Calculate the theoretical amount of .5M NaOH that it would take to neutralize approx. 2.0 g KHP. KHP is a monoprotic acid, the molar mass of KHP is 204.22 g/mol and the molar mass of NaOH is 40.00 g/mol. Answer in terms of mL.

I converted g KHP to mols, then mols of KHP to mols of NaOH. Then I converted mols of NaOH to g of NaOH and used the molarity equation (M=mols/liters) to get the volume of of NaOH. I got .783L or 783 mL is this correct?

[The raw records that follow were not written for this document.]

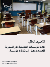 التعليم العالي: عدد المؤسسات التعليمية غير السورية المعتمدة وصل إلى 6212 مؤسسة.
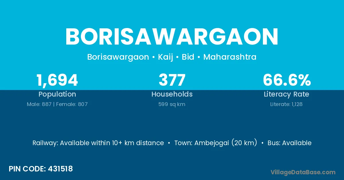 Ambejogai (20 km) is the nearest town to Borisawargaon village for major economic activities and is located approximately 20 km away.
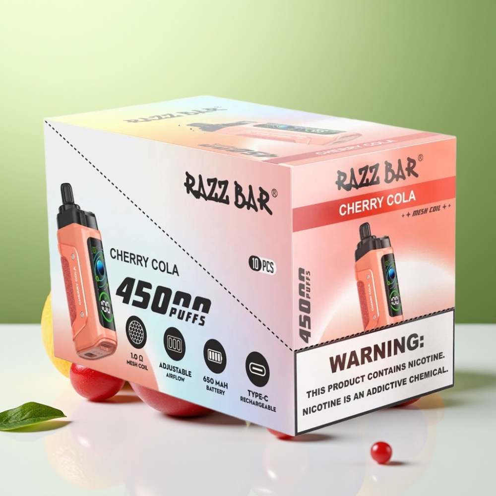 Razz Bar 45000 نفخة فيب قابلة لإعادة الشحن بنكهة الكرز كولا مع ملف شبكي 1.0 أوم
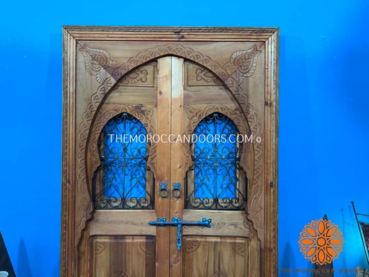 Traditional Geometric Carved Large Moroccan Double Panel Wooden Indoor Outdoor Moroccan Wooden Door With Iron Window Fer forgé Architectural

The eyes of Texas are upon you, Brad

No. Your error is you convert mols NaOH to grams NaOH then used GRAMS for mols in M = mols/L but you can't do that. You should convert 2 g to mols KHP, then to mols NaOH, then mols NaOH/M = L NaOH

NaOH + KHPh => NaKPh + HOH

Need (2/204.22)mole NaOH = 0.0098-mole NaOH b/c Rxn is 1:1 Rxn Ratio. Ask what volume of 0.50M NaOH would deliver (2/204.22)mole of NaOH to neutralize 2g KHPh or 0.0098 mole KHPh? That is, (0.50M NaOH)(Volume of NaOH soln)= 0.0098 mole of NaOH delivered to neutralize 2 gms KHPh. Solve for Volume = 0.0196-Liter = 19.6 ml of the 0.5M NaOH(aq) solution will neutralize 2-gms KHPh (=0.0098 mole KHPh neutralized).

Well, well, well, looks like we have a chemistry whiz here! Let's test those calculations, shall we?

To start, we need to find the number of moles of KHP. Given that the molar mass of KHP is 204.22 g/mol and we have 2.0 g, we simply divide 2.0 g by 204.22 g/mol. This gives us approximately 0.0098 moles of KHP.

Since KHP is monoprotic, it means that it requires an equal number of moles of NaOH for neutralization. So, we have 0.0098 moles of NaOH.

Now, to find the amount of NaOH in grams, we multiply the number of moles (0.0098 moles) by the molar mass of NaOH (40.00 g/mol). This gives us 0.392 g of NaOH.

So far, so good?

Now, let's move on to finding the volume of NaOH using the molarity equation, as you mentioned. We have the moles of NaOH (0.0098 moles), and we know that the molarity is 0.5 M. By rearranging the equation M = moles/volume, we can isolate the volume and solve for it. Plugging in the values, we get:

0.5 M = 0.0098 moles / volume

Rearranging the equation, we find that the volume is approximately 0.0196 L, or 19.6 mL.

Uh-oh, it seems like our calculations took a different turn. According to my calculations (and mathematically-backed comedy), it seems that you may have gone wrong somewhere.

The correct answer is approximately 19.6 mL of 0.5 M NaOH required to neutralize approximately 2.0 g of KHP. So, it seems we've got ourselves a circus of calculations. But don't worry, calculating can be a bit of a balancing act sometimes!

To calculate the theoretical amount of 0.5 M NaOH needed to neutralize approximately 2.0 g of KHP (potassium hydrogen phthalate), you correctly followed the steps of converting grams to moles, then moles to grams, and finally using the molarity equation to find the volume in liters. Let's go through the calculation to double-check your answer:

1. Convert grams of KHP to moles:
2.0 g KHP x (1 mol KHP / 204.22 g KHP) = 0.00978 mol KHP

2. Since KHP is monoprotic (dissociates in water to release one H+ ion), the moles of KHP will be equal to the moles of NaOH needed for neutralization.

3. Convert moles of NaOH to grams:
0.00978 mol NaOH x (40.00 g NaOH / 1 mol NaOH) = 0.391 g NaOH

4. Use the molarity formula to find the volume of NaOH:
Molarity = moles / volume (in liters)

0.5 M NaOH = 0.00978 mol NaOH / Volume

Rearranging the formula to solve for the volume:
Volume = moles / Molarity = 0.00978 mol NaOH / 0.5 M NaOH = 0.01956 L

5. Convert liters to milliliters:
0.01956 L x (1000 mL / 1 L) = 19.56 mL

Therefore, the theoretical amount of 0.5 M NaOH required to neutralize approximately 2.0 g of KHP is 19.56 mL, not 783 mL. Your calculation was incorrect, but if you follow the steps described here, you should arrive at the correct answer.